I tried to put it in coherent words. “Alan Greene took over Mr. Vicars job. And the first thing he did was cancel my book tour.” My voice went shrill with pent-up anger. “He says I have no contract. No book. Everything is about Rosalee Beebee and her vampires. And…well, it’s been an awful time for all of us.”
Peter turned the keys in the ignition and squealed away from the curb.
“I’ve never heard such bollocks in my life,” he said. “I have no idea what Henry’s up to, but he isn’t authorized to make those decisions without me. I knew he’d had a dust-up with Tom, but the rest of it…whatever is going on, I’ll sort it on Monday. Good man, Charlie Vicars. I hope he hasn’t found another position yet. We need him back. I’d speak to him tomorrow, but I’m only here overnight. I need to be in Hull tomorrow.”
He leaned over and squeezed Vera’s shoulder. “Don’t worry lass.
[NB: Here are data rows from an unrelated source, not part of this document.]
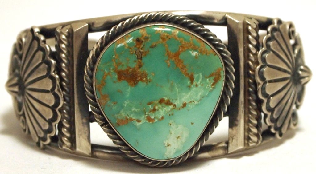 Old Pawn Navajo Green Fox Turquoise Sterling Silver Cuff Bracelet - Emer Thompson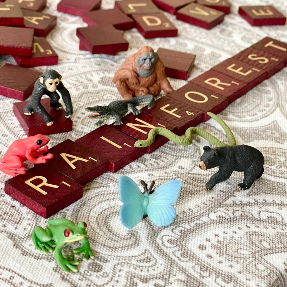 Този очарователен комплект от 8 обитатели на тропическите гори е идеален за образователни занимания, а също така е чудесно допълнение към играчките на Монтесори за проучване на екосистемите и проекти за биомите.
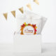 Make this Thanksgiving a truly unforgettable experience by adorning your favours with a bag that speaks from the heart and captures the warmth of the occasion. The refined, artisanal script perfectly complements the sleek, contemporary sans-serif in this harmonious blend of modern fonts. You will see an intricate mosaic of maple leaves nestled within a white circle with a delicate touch of crimson, representing autumn's vibrant colour palette - a graceful transition from brilliant golds to blazing reds and warm, earthy browns. What sets our favour bag apart is the ability to tailor it to your unique style and sentiment. With customizable options, you can add your family name, a heartfelt message of thanks, or a memorable quote that resonates with the spirit of Thanksgiving.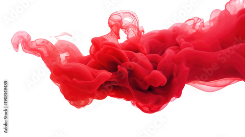 A vibrant red ink cloud suspended in water on transparent background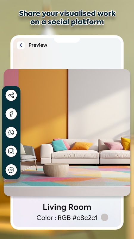- मित्रों या परिवार से प्रतिक्रिया प्राप्त करने के लिए अपने रंग विकल्पों और विज़ुअलाइज़ेशन को सोशल मीडिया प्लेटफ़ॉर्म पर साझा करें।
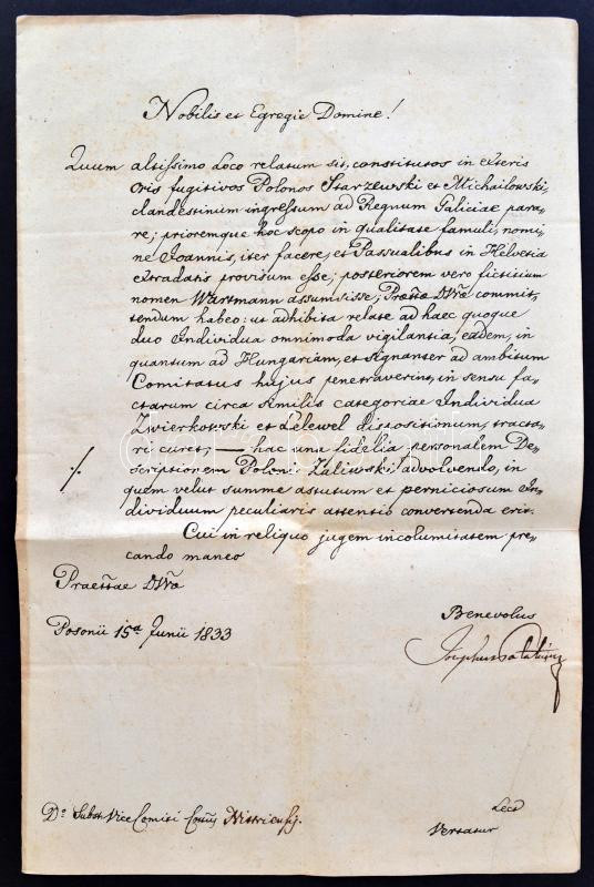 1833 József nádor saját kézzel aláírt levele Larczibányi Lőrinc nyitra...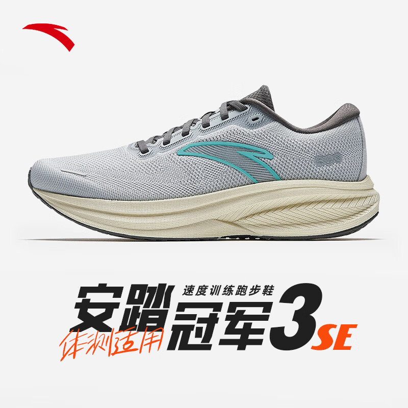 安踏(ANTA)冠军3SE跑步鞋男鞋专业竞训氮科技跑鞋缓震耐春季运动鞋男体测 【弦科技+双层氮科技】霜塔灰-4 42 (260mm)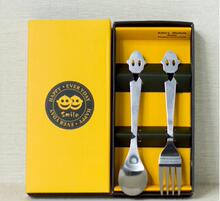 环保韩式便携餐具两件套装不锈钢开心小笑脸勺子叉子镂空餐具礼盒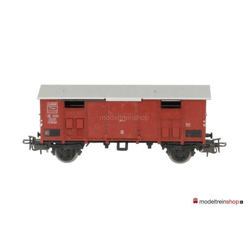 Schwarzes Blech-/Kunststoff-Untergestell. Kunststoff-Wagenkasten mit vergitterten Lüfter-Öffnungen, Satteldach aus Blech, Wagen-Nr.: 117433, unbewegliche Schiebetüren, erhabene Bremszeichen an den Wagenecken.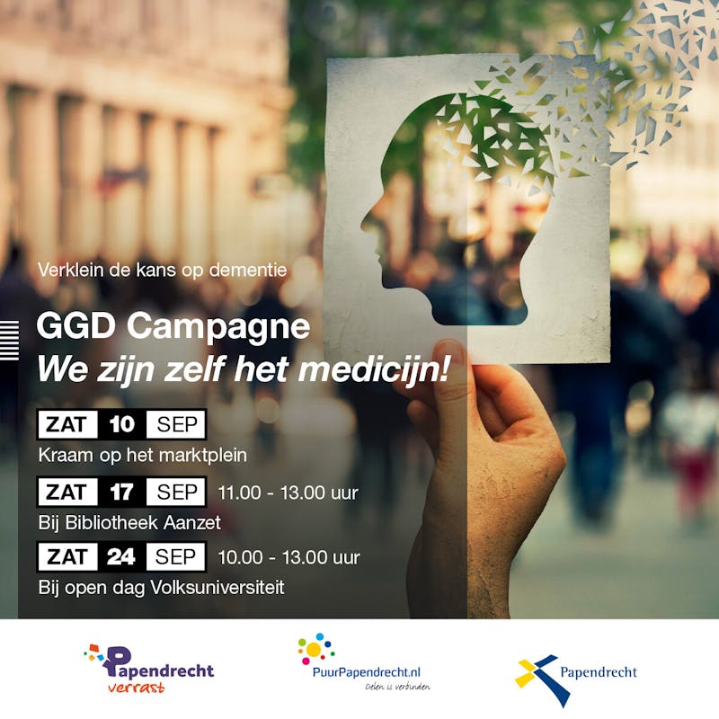 Op zaterdag 10 september, 17 september en 24 september is de GGD hard bezig met het promoten van hun campagne: We zijn zelf het medicijn! Verklein de kans op dementie en leer tijdens deze momenten meer over deze campagne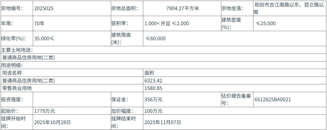2025025 号地块:2025年10月28日 10时00分 至 2025年11月07日 16时00分;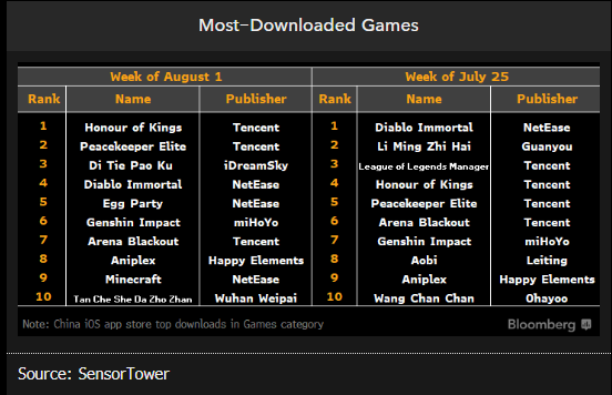 According to the Bloomberg,Tencent's sequential sales were flat with mixed performances by its major games. Honour of Kings sales rose 2% while Peacekeeper Elite fell 4%. A 2.6x surge for CrossFire was offset by League of Legends E-Sports manager's 51% drop. Tencent's sequential downloads fell 15% dragged by declines for Arena Blackout and League of Legends' E-Sports manager. Downloads of the former fell 20% in its fourth week of operation while the latter sank 82%. Honour of Kings was sequentially 2% lower while Peacekeeper Elite gained 1%.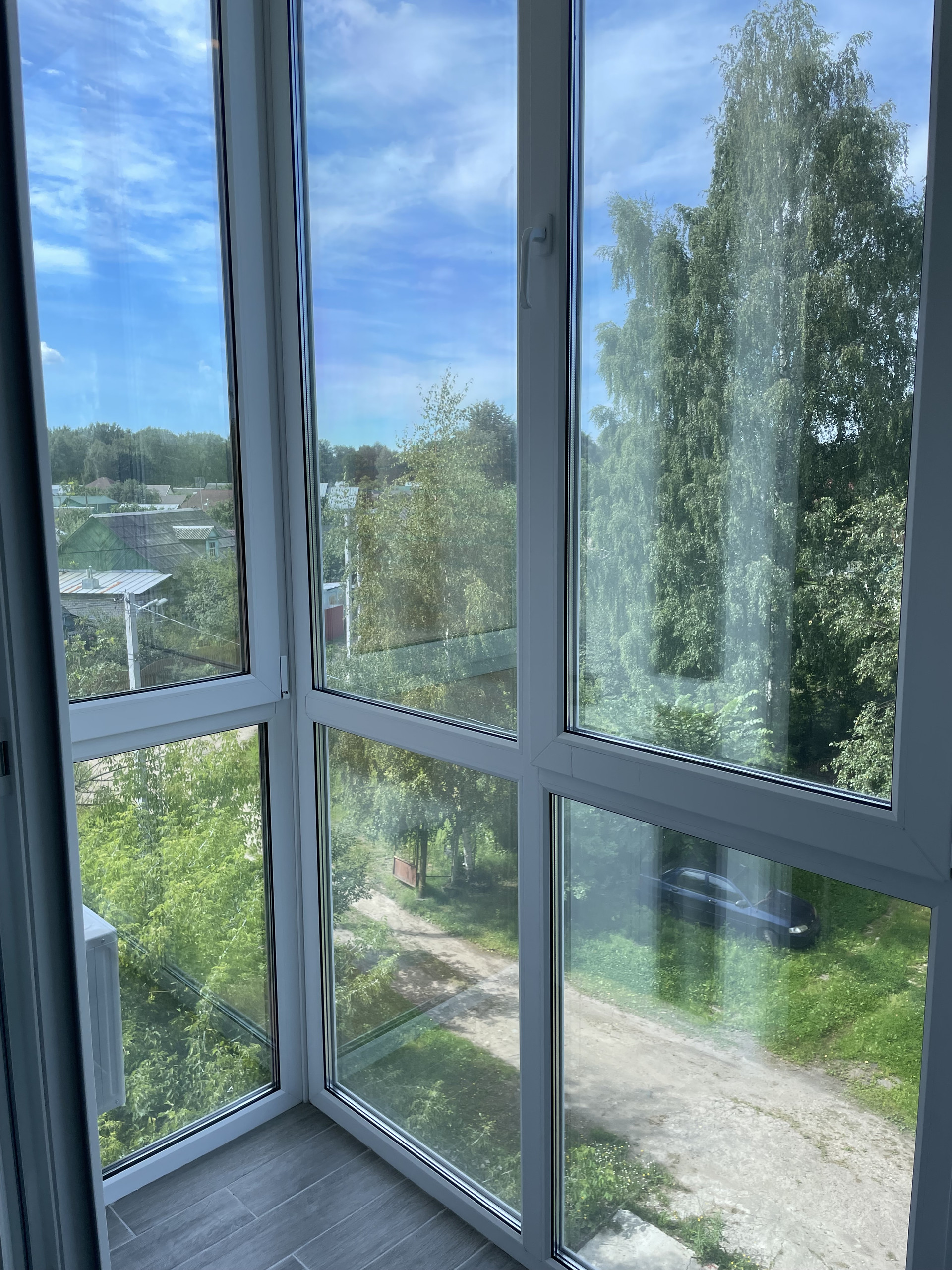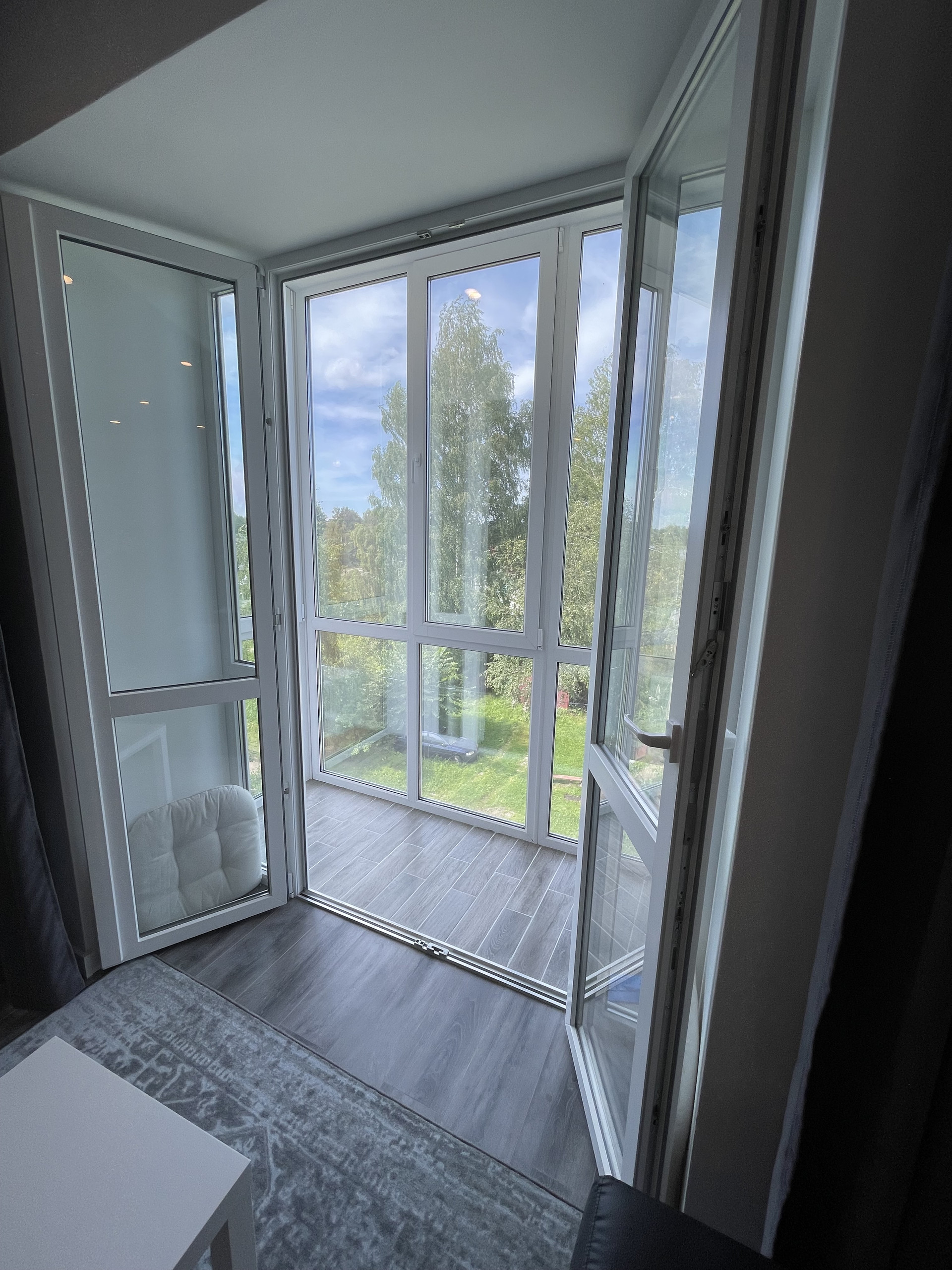 Балкон с панорамным остеклением, отоплением и регулятором теплого водяного пола, встроенный стеллаж.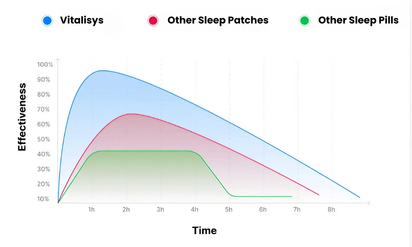 Unlike many other sleep improvement solutions, Heviluxy doesn't require you to take pills at certain times with foods, brew tea, or take additional steps. It has an incredible 65% absorption rate compared to 15% for most other oral solutions. All you need to do is peel off the protective film and place the patch on a hairless area on your skin.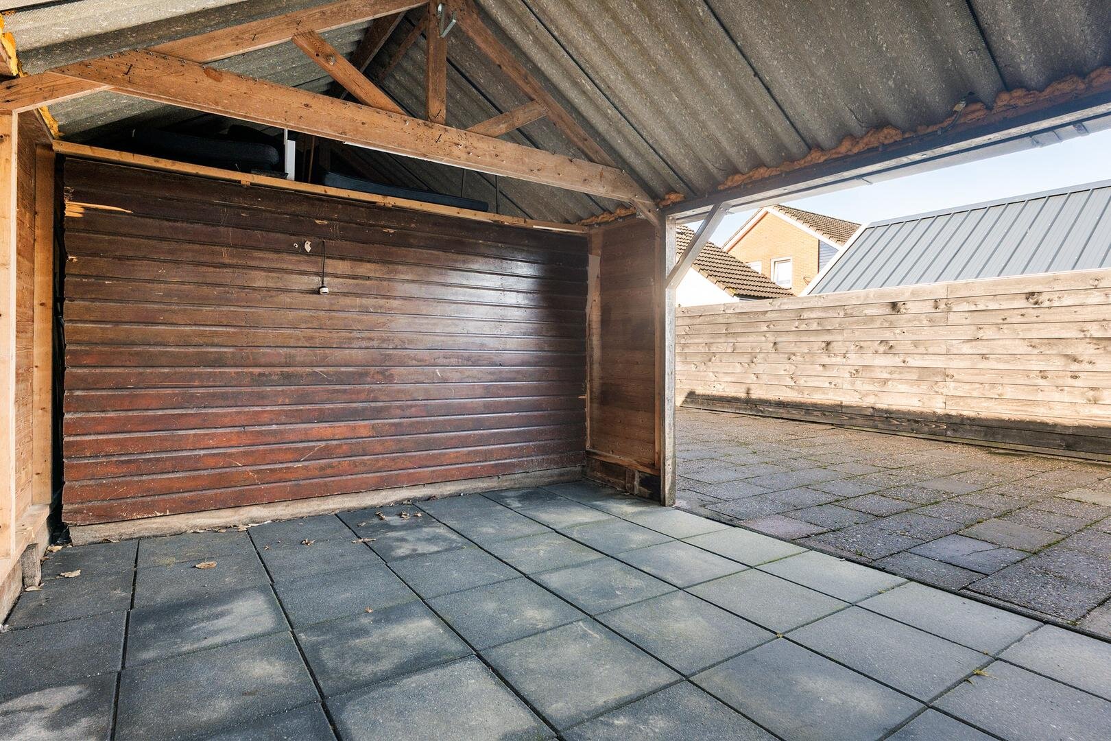 Aan de voorzijde bevindt zich de oprit met toegang tot de vrijstaande houten garage. De achtertuin is gelegen op het noordoosten en biedt voldoende ruimte om te genieten van het buitenleven. Via een achterom aan de Kerkstraat is de tuin tevens goed bereikbaar.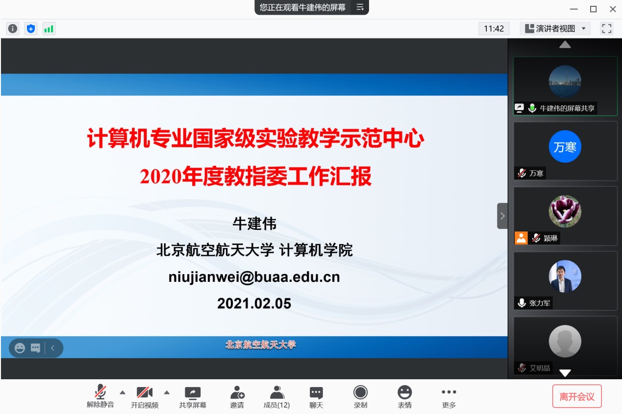 之后,示范中心主任牛建伟教授进行了年度工作总结报告。首先汇报了示范中心在2020年度工作进展,主要包括中心概况、实验课程体系、教学资源建设及年度建设成效四个方面。牛建伟主任着重介绍了示范中心在“综合智能创新实验室、量化教学创新实验室、大数据与人工智能实验教学平台、工业智联网创新实验室、在线网络实验行为数据管理系统、在线嵌入式系统实验平台”等方面所做的建设、完善和创新,并向专家介绍了课程资源、教学成果的校外推广及辐射情况。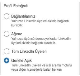 > Aynı zamanda fotoğrafınızın güncel olmasına ve profesyonel gözükmesine de özen göstermelisiniz. Resmiyetten ve kurumsallıktan uzak bir fotoğraf olmamasına dikkat edin. Takdir edersiniz ki, kahve içerken ya da piknikte çekindiğiniz bir fotoğrafı kullanmak pek de uygun olmaz. (LinkedIn profil fotoğrafı boyutu: 400×400 piksel) Yapılan bir araştırma insanların kendi fotoğraflarının olduğu profillere tıklanma oranının 7 kat daha fazla olduğunu göstermektedir.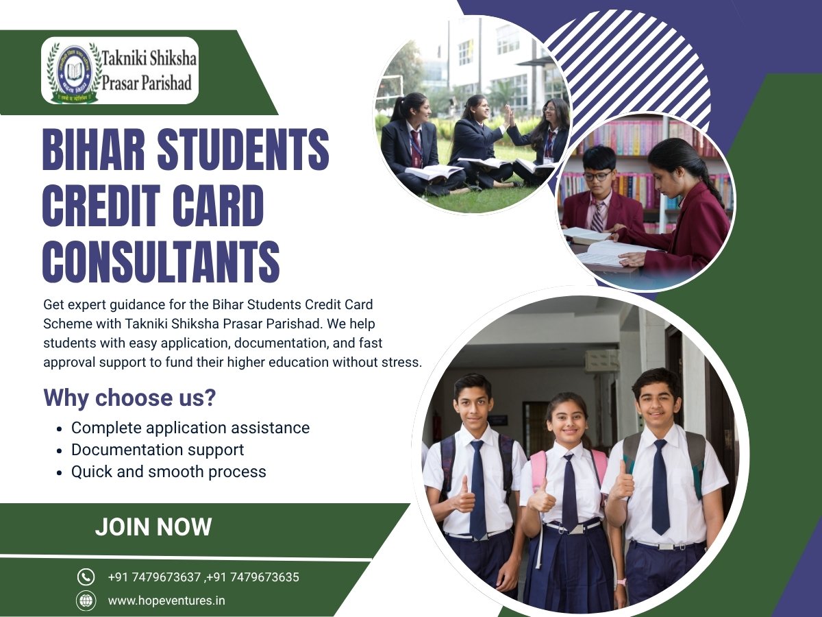 Takniki Shiksha Prasar Parishad works closely with experienced Bihar Students Credit Card Consultants to provide professional support for students. This partnership ensures smooth loan processing, proper verification, and assistance with repayment planning. The combined expertise of the parishad and consultants gives students confidence and peace of mind throughout the BSCC application process.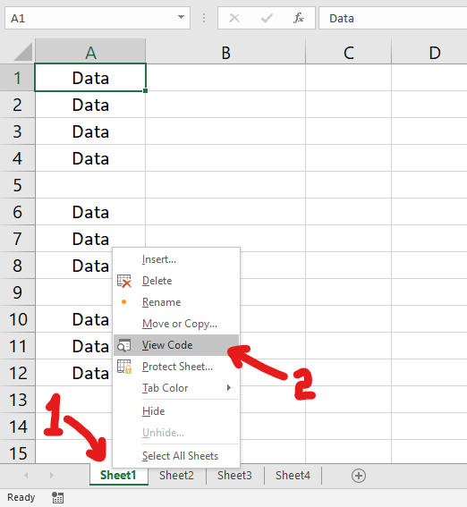 1- Right-click on the Sheet1 tab

All will be well at Sherwood. This is rubbish. You know Henry goes mad as a box of spanners when he’s launching a Rodd Whippington book.” Peter turned to me. “You too, Duchess. We’ll get your book sorted. It will be fine—for you, Tom, Charlie. All of us. No worries.”
I wasn’t going to abandon my worries, but I believed Peter did intend to set things right, whether he was a criminal or not.
He was our leader and he had come home.
Peter’s reassuring manner disappeared as soon as he dropped Vera off at her bungalow. On the drive back down to the Maidenette Building, he let out a string of angry phrases, only a few of which I actually understood, but I could tell their meaning.
“Alan’s a little trollop. Cockney scum. What’s happened to everybody, Duchess? Have they all had frontal bloody lobotomies? Tom sent me a text saying he’d moved back to Yorkshire, but I thought things between him and Henry would simmer down in a week or two. Where were Liam and Davey all this time? Down the pub, I suppose?”
I defended my friends. “They’re just as upset as you are. Although they have probably been drowning their sorrows somewhere. I’d hoped I was hearing them coming home when Gordon Trask made his appearance.”
Peter launched into another colorful tirade on the subject of Mr. Trask that lasted until we reached Threadneedle Street.
The parking lot was empty and the building quiet and dark.
“It looks as if Liam and Davey are still out on their pub crawl,” I said as we walked past the empty canteen. “I hope they come home soon. I need them to help move the…” I stopped myself before I said “crates.” I wasn’t sure I should bring up the subject right now—especially if they were filled with drugs or guns.
Peter rummaged in his pocket for keys.
“The lads aren’t coming back till tomorrow. They’re in Hull. I’ve hired them out to an importer there. Mowbray, too. They’re all making more money for one day’s work than I can pay them in a fortnight.”
“An importer? What kind of importer?”
“Haven’t the foggiest. Something from eastern Europe.” Peter shrugged and flicked on the office lights. “I was contacted by a shipping company that needs extra storage space. Since Tom isn’t using the warehouse for a studio any longer, I thought I’d hire out the space to generate a bit of cash flow. As you’ve probably gathered, Sherwood has been in something of a financial hole. I’m expecting an influx of cash, but not for a month or so.”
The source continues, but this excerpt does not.